In what could be considered a follow-up to this post, I'm going to share some thougths I wrote in my journal the other day. I'm just copying right out of the notebook that serves as my prayer journal.
"Our house has turned into The Money Pit. New Garbage Disposal - $160, new washing machine - $225, new hot water heater - $870, new doorknob - $8 (not too bad, that one), vacuum cleaner (though covered by warranty) and added to that list, some car repairs equaling about $500. Last night, our dishwasher started leaking water and it poured through the floor and through two ceiling tiles in the basement. (I've since found out we'll need to replace that, too).
As I was draining the water into the bucket, I wondered (contrary to my usual rationalistic approach) whether our house was under demonic attack. Or following a more normal pattern of my thought, whether God was "breaking" me - since I spend so much time obsessing over money. Or maybe God is retraining me. Because he's providing - again. A friend gave us $250, stating "I sensed God telling me to do it and I'm just being obedient," Erin was paid $150 for doing the costuming for GCT's Christmas show, we sold our old Christmas tree for $100, my parents just said they're sending us money for Christmas and I'm getting extra hours at work (with it being "peak"). And Bill Melvold is helping us with repairs - since I'm worthless as a handyman.
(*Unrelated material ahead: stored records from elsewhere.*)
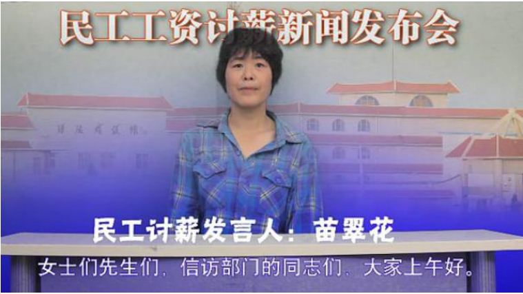 近日,一则“民工版新闻发言答记者问,看了我太痛心了”的视频在微博上蹿红,一名身着蓝色方格衬衣的中年妇女模仿外交部新闻发言人讨要工资,在她身后的背景板上写着“民工工资讨薪新闻发布会”的字样。在4分03秒的“讨薪发布会”上,这名“民工讨薪发言人”苗翠花以“动之以情、晓之以理”的方式,将自己的讨薪缘由、讨薪过程娓娓道来。在“讨薪发布会”的最后,现场还有“记者”对“讨薪发言人”进行了提问。
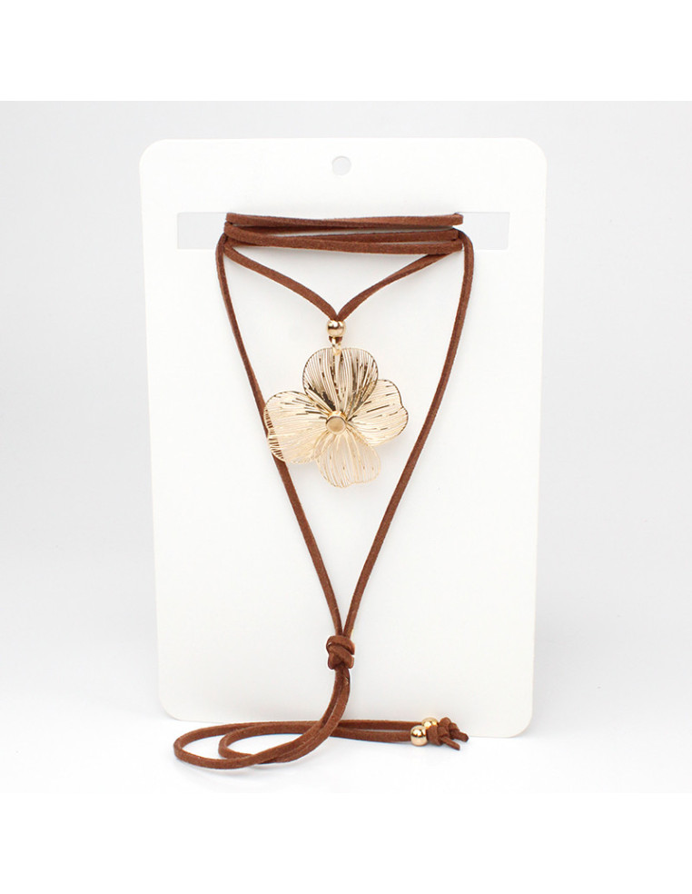 Collar de gamuza de múltiples vueltas, con dije exclusivo de flor filigranada y terminales en punteras.
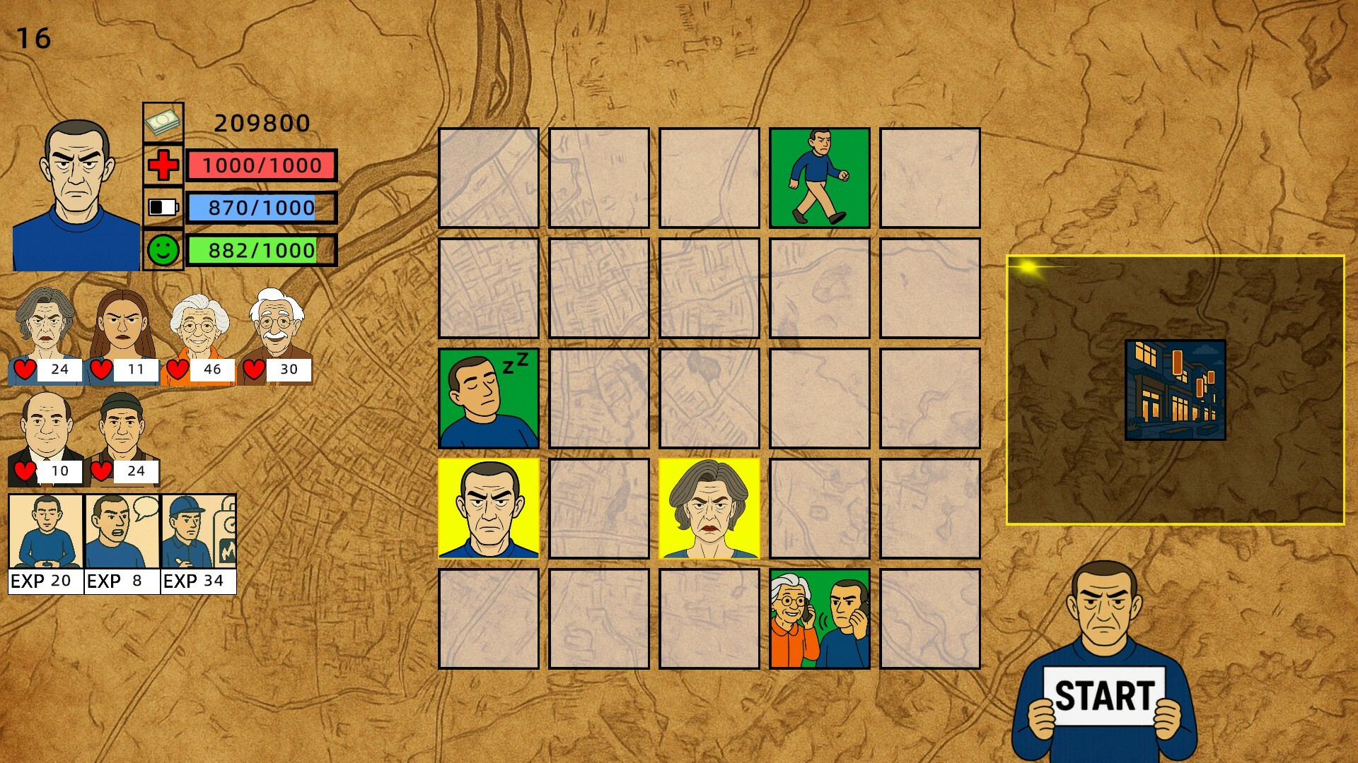 • The randomly arranged action cards and character cards on the field will determine his actions and encounters each month.
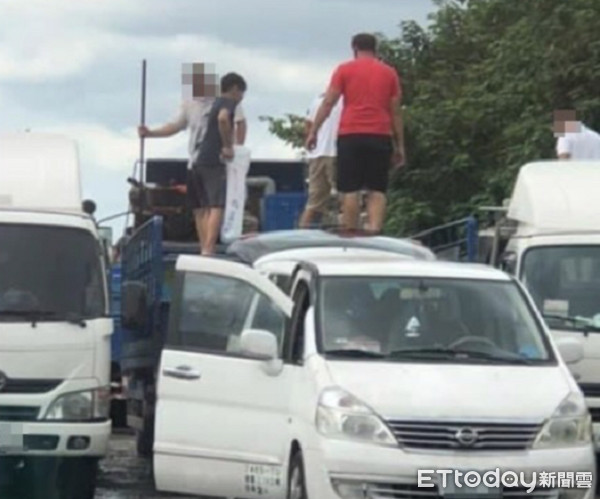 ▲11民眾群聚在車上進行分蝦作業。(圖/記者楊熾興翻攝)
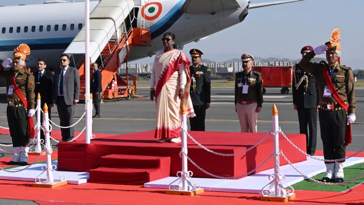 "The President arrived at Imphal Airport aboard an Indian Air Force flight. She reached Lok Bhavan, around 7 km away, by road," an official said, adding the route was secured by armed forces who lined up the roads.

In The God Journey podcasts, they were talking about trusting God. We can't just decide to "let go" and "let God." Rather, we're able to trust God when we accept how much he loves us. If there is love between a parent and a child, the child will naturally trust the parent. It's the same with God.
But contrary to what most people define as "trusting in God", we don't trust to get what we want. "I'll trust God and he'll replenish my savings account". That's not trust - but manipulation. Rather, trust in God is the ability to be solid in your relationship with God even if all life goes the opposite way it "should." Like me learning Jesus is enough, even if I"m not "successful" in ministry. Having to decide to choose to love God even if he never would've made us parents. Trust is saying "God is enough, even if my savings account hits the red - or if any other fearful scenario comes to pass." To quote Wayne and Brad, "trust is not in a result but in a person." "
I realize this post seems like two ideas mashed together, or almost two contradictory ideas in one blog post but I heard that podcast while driving home from work, before seeing how so many of those financial hits were replenished through the generosity of others. This time, trust did result in what I deem to be a positive outcome. But what about the future? What about when things do turn bad and don't recover? Will I still trust? Will I trust in the person of God rather than the result I want God to bring about?